I was cleaning some frames today and under the wedges (along with some wax moth worms!) were these tiny little white bugs. They looked like head lice and were about that size (or the size I asssume head lice are). They weren't Varroa, I had those last year. They were about the size of a period with a brownish head. I've never seen them before, nor have I read about them. Any guesses?


----------



## Michael Bush (Aug 2, 2002)

So they are about the size and shape of a varroa but white? Could they be juvenile varroa that haven't develped that red shell yet?


----------



## John D. Smith (Mar 17, 2003)

No, they were much smaller.
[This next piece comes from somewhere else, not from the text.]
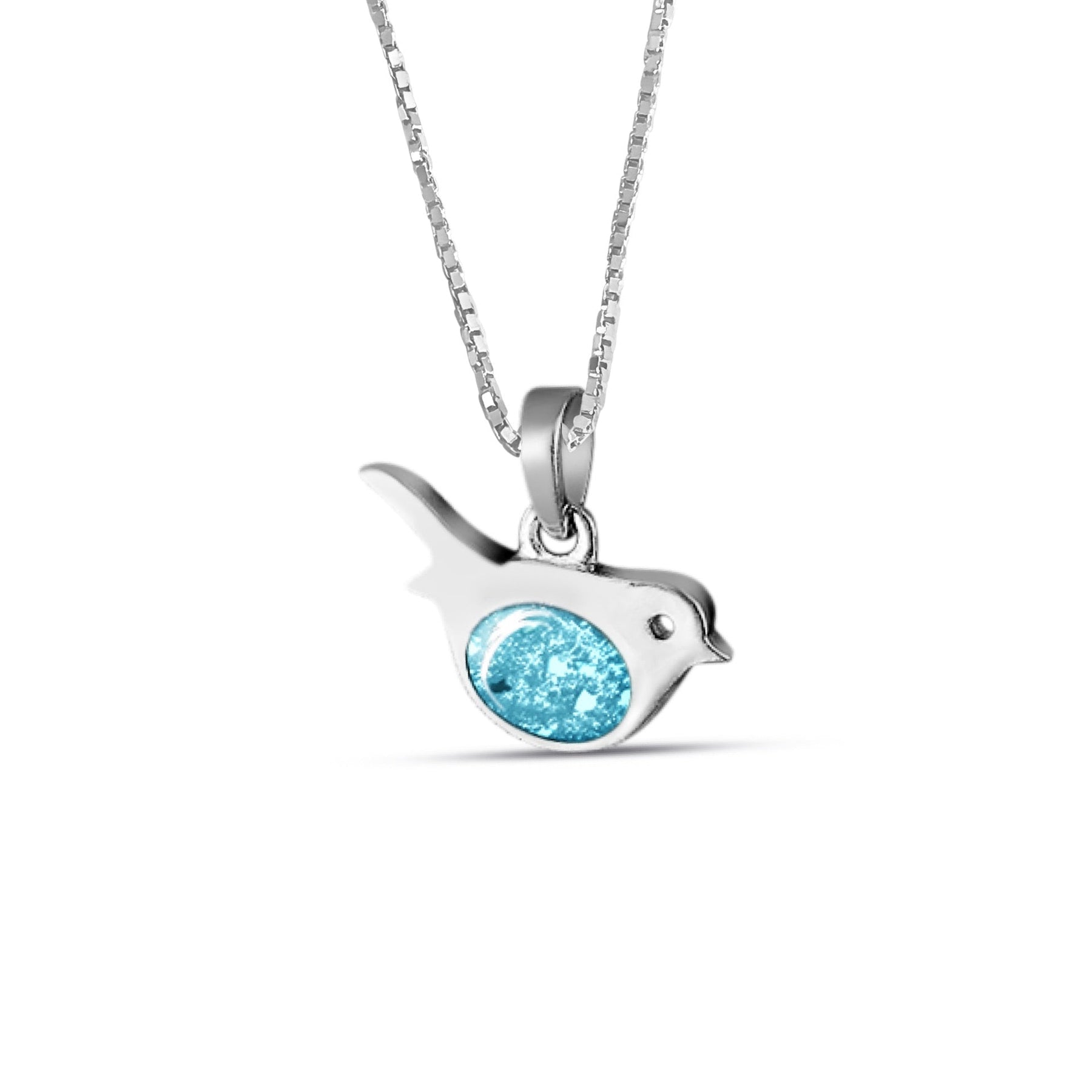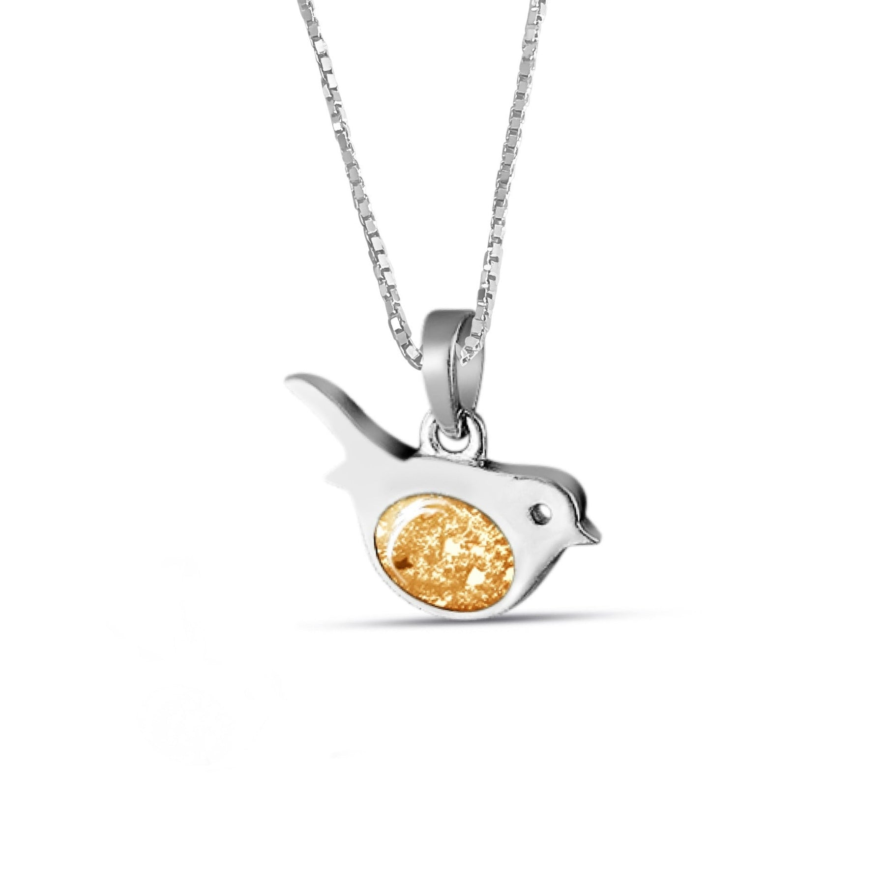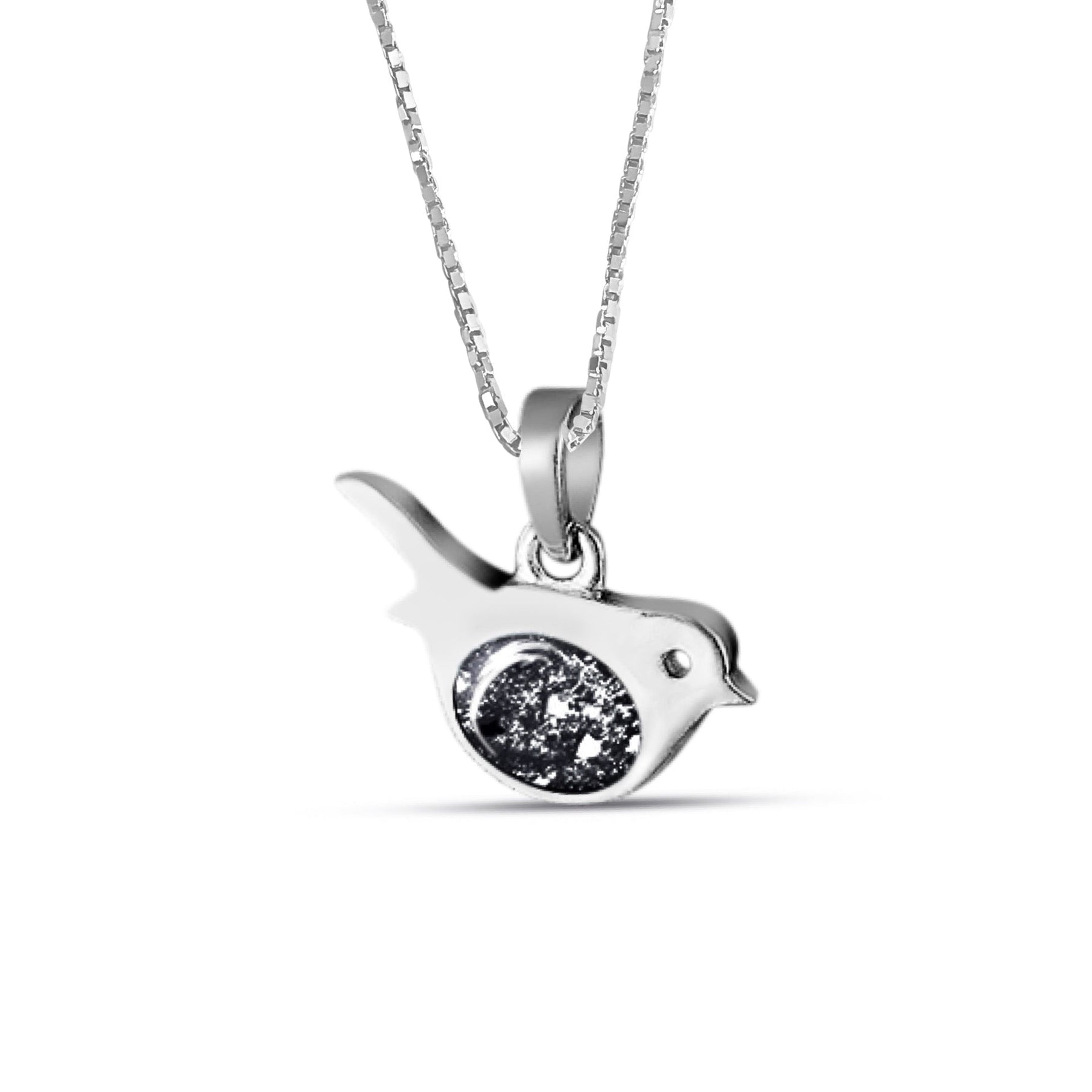 Regular price £189.00This beautiful robin memorial necklace has a feature setting in it's chest where your loved ones ashes or hair will be placed. We can also create this design using your beloved pets ashes, fur or horsehair.
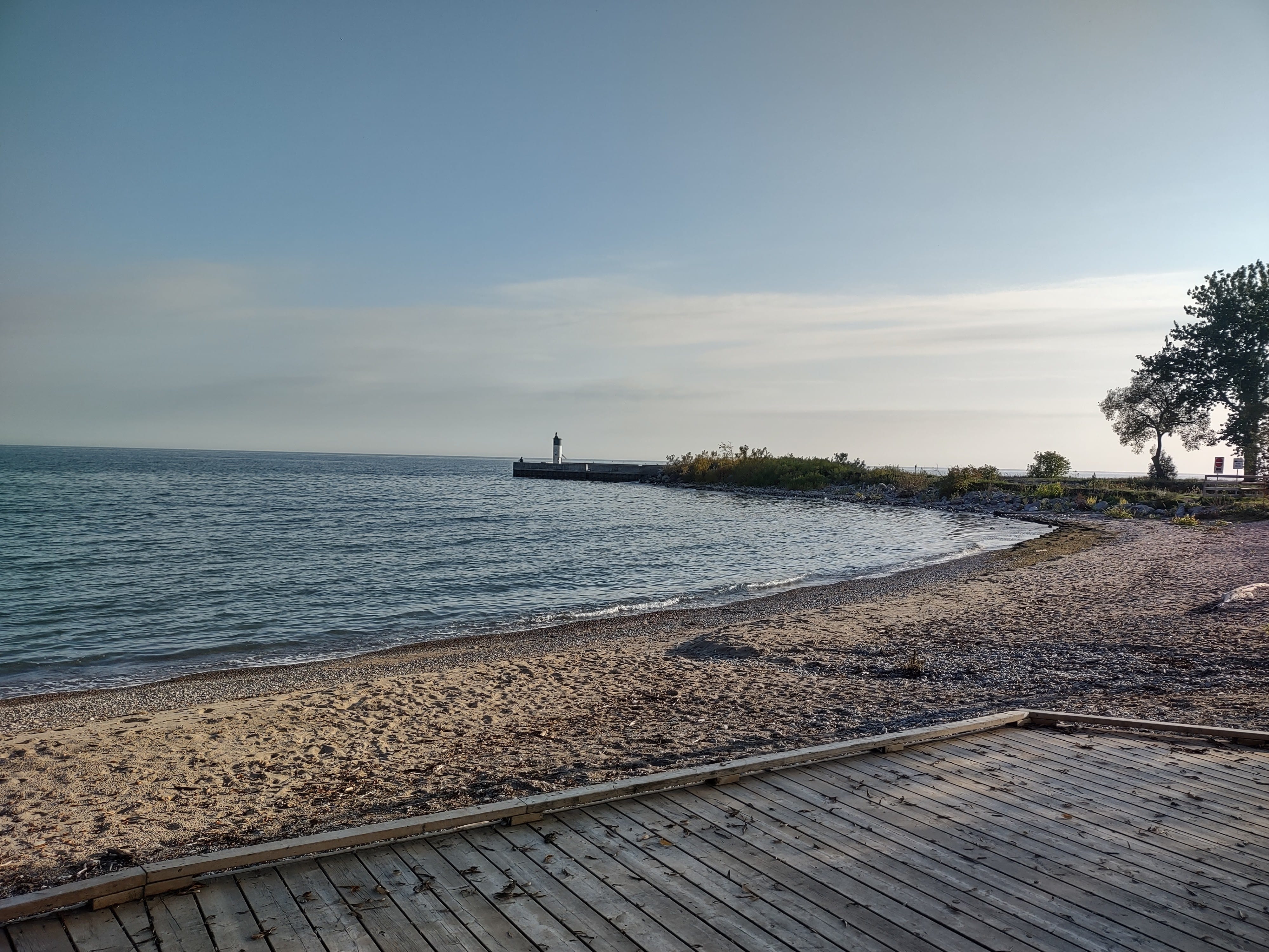 We took a few busy roads to Waterfront Trail. As we passed through a town on route, we tried to set up at the Port Hope Public Library and were surprised to discover that they serviced residents only. So much for public. We staged ourselves at Dreamers Cafe just down the street where we enjoyed some French music, coffee, lobster rolls, ice cream, and their famous Crazy Cookie (a chocolate chip cookie loaded with caramel, nuts, and more chocolate) at a sidewalk table. Camille chatted with a group of senior Dreamers dressed in biking attire. They were from Bowmanville (our destination for the night) and were on one of their many weekly bike rides. The joyful group had been biking together for a long time and were still kicking butt well into their seventies.

They were a little larger than a period at the end of a sentence. I looked up head lice and these things looked structurally more like a termite than a louse.


----------



## John D. Smith (Mar 17, 2003)

When I say they were under the wedges of the frames, I mean they were sealed under the wedges. When I pryed the wedge up to put new foundation in, these things were living under the wedge in the tunnels and debris of the wax moth larvae. Could these things be a wax moth parasite? Maybe they eat wood/crap and just happen to be inside a bee hive. They remind me of those bugs you find in old books at the library.


----------



## Michael Bush (Aug 2, 2002)

Are they more long like a louse (singular of lice) or round like a mite?


----------



## mark williams (Jan 19, 2003)

wax moth is a little worm,could it be termites?,does it have leg's if so it's not wax moth.


----------



## John D. Smith (Mar 17, 2003)

It without question is not a varroa mite or a wax moth larvae. They were so small that I couldn't count the legs to see if it was an insect or an arachnid. I should have collected a sample for identification. My first response was to kill them. I didn't want them on me or in my hives. They were too small to be a termite and didn't have the same structure i.e. big head. They did resemble a termite in the nymph stage, but again they were very very smal, white oval body with a brown detached head which was smaller than the body. I'm sure other frames have them, but I don't want to wreck one just to look under the wedge, but I might.


----------



## Robert Brenchley (Apr 23, 2000)

My guess - and it is only that - is that they may well be harmless mites which feed on detritus in the hive. I get them in mine, and i don't worry. In a natural hive, you'd expect to find small scavengers; we probably kill most of them off as a side-effect of mite treatments.


----------